Untouched, that is, until yesterday morning, when WTMD surprised the hell out of me by playing 'Problems' on the midday show. It came on, my jaw dropped and I sat upright in my chair, shocked and delighted by this delightful breach of cubicle decorum. I even conjured up my old punk rock sneer during one passage:

"Eat your heart out on plastic tray
you don't do what you want
then you'll fade away
You won't find me working nine to five
it's too much fun a-being alive!"

Classic poetry, it ain't. But it certainly jolted me out of my funk, made me more awake than I had been in many moons. I shook hands with the energetic, angry (but in a good way) young man who flared back to life. We smiled at one another, pumped our fists in the air and reveled in just how good it felt to be alive, even if for just four or so minutes of radio ecstasy.

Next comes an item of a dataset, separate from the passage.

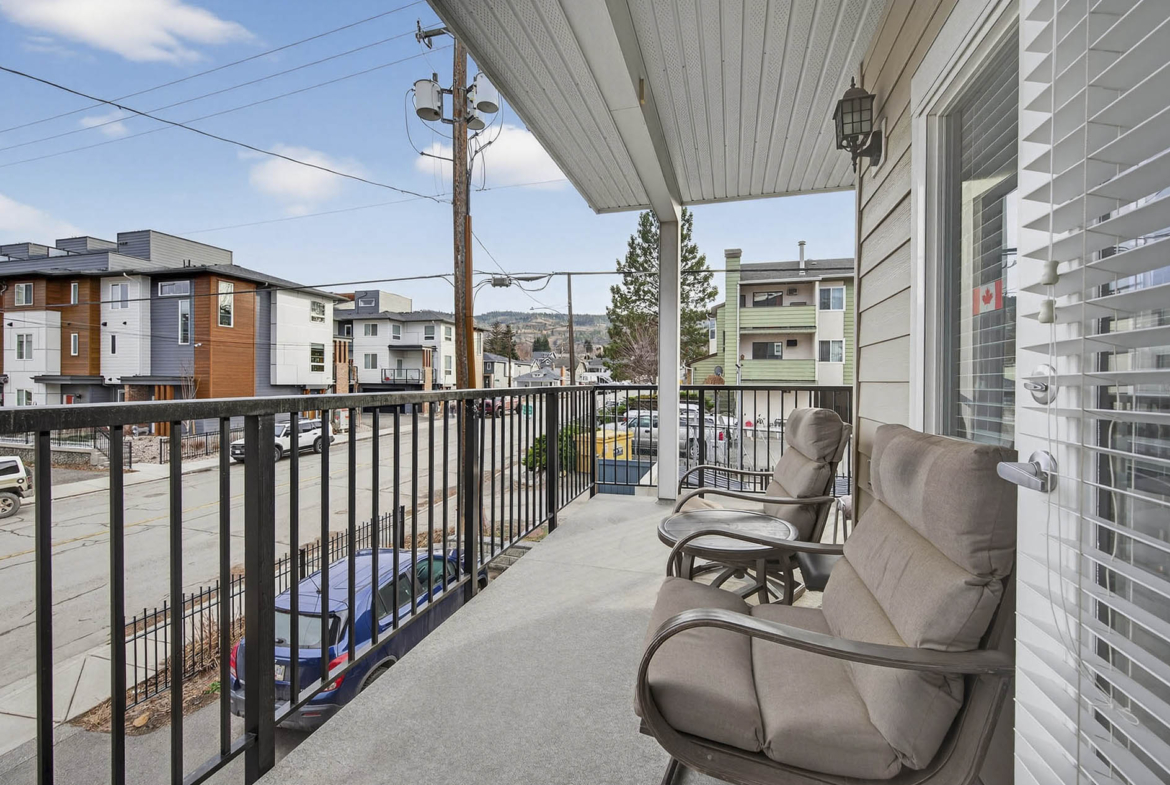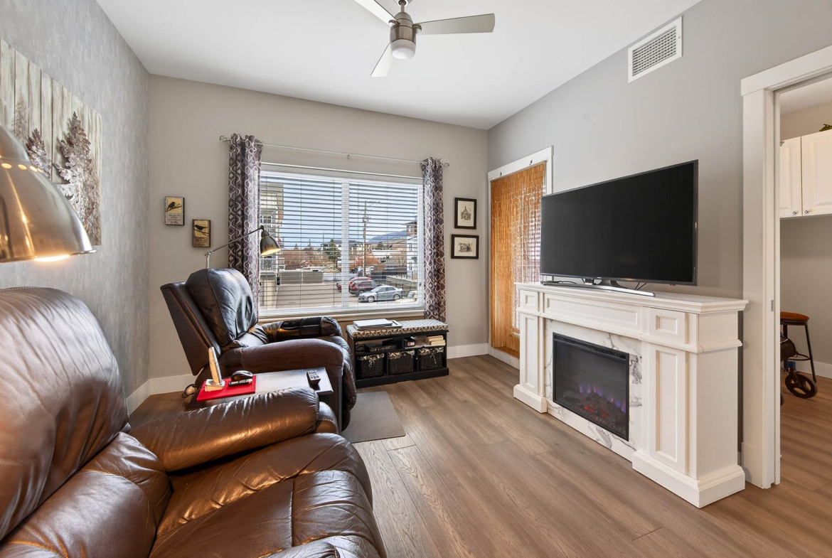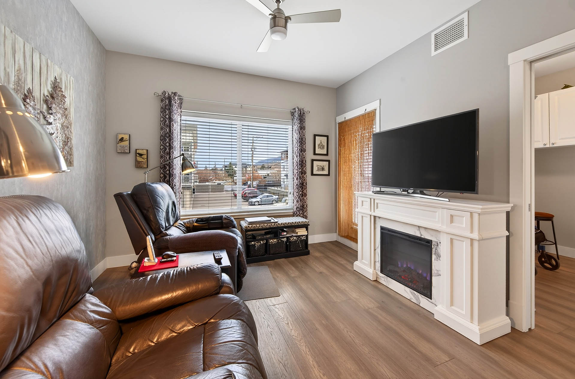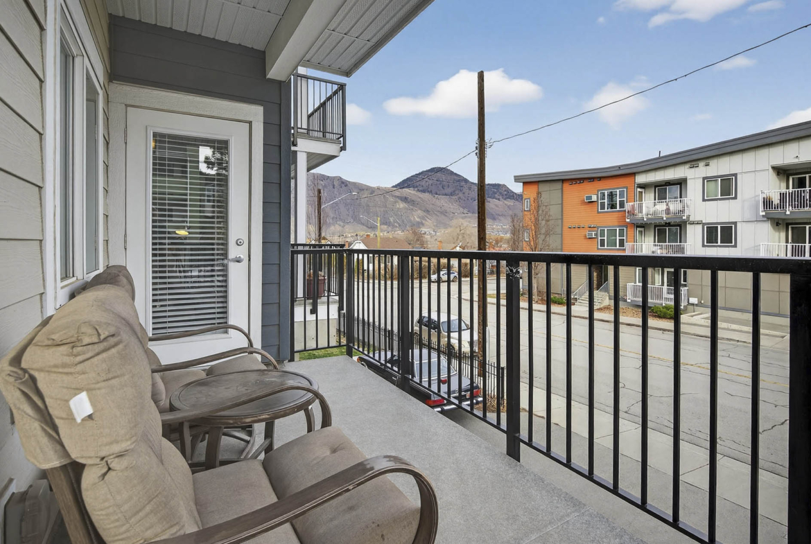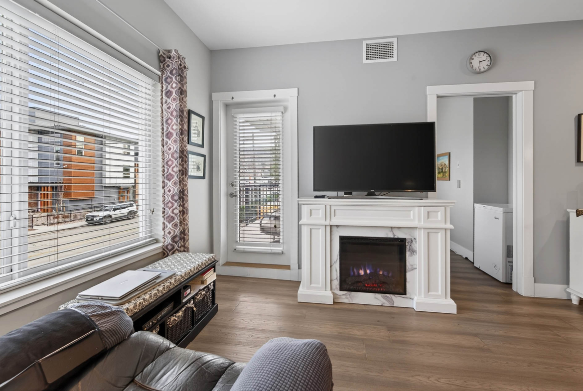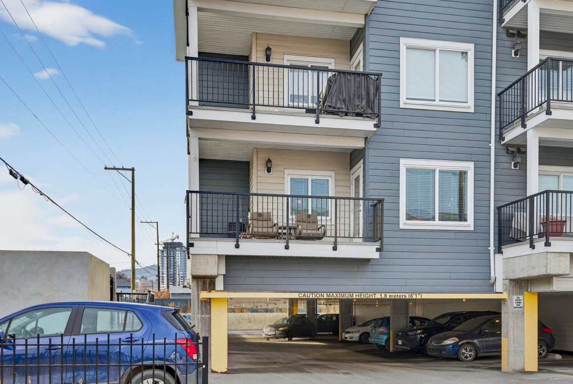 Welcome to this bright 1 bedroom + den corner unit, built in 2017 and offered by the original owners. Located on the second floor, this home features a larger-than-average deck with east and south exposure — perfect for morning sun and outdoor living. The open-concept kitchen includes upgraded appliances and an oversized island with added storage. The den (7’ x 8’4”) is ideal for a home office or guest space. Features include forced air natural gas heating with central A/C, in-suite laundry, secure fob entry with intercom, elevator access, a nearby storage locker, and a large community room for entertaining. Rentals are allowed and pets are permitted with strata approval. One covered parking stall is included. Enjoy an unbeatable downtown location with excellent walkability to shops, dining, and everyday amenities. A modern, move-in-ready home in a prime setting.

This morning on my way to work, I think my fellow commuters could hear me bellowing all the way to Baltimore, as the Sex Pistols melted my CD player.

"Problems! Problems!
WHAT YOU GONNA DO WITH YOUR PROBLEM?"

(Special props to WTMD for reviving my inner punk rocker. I consider them a valuable community service! Do us a favor and give 'em a listen!)

1 comment:

  1. aw yeah! I remember discovering punk and finally realizing there were others out there like me - I had found my people!

    And was that bottom right photo taken in Switzerland? I recognize that bridge and tower. hey... whatcha holding there?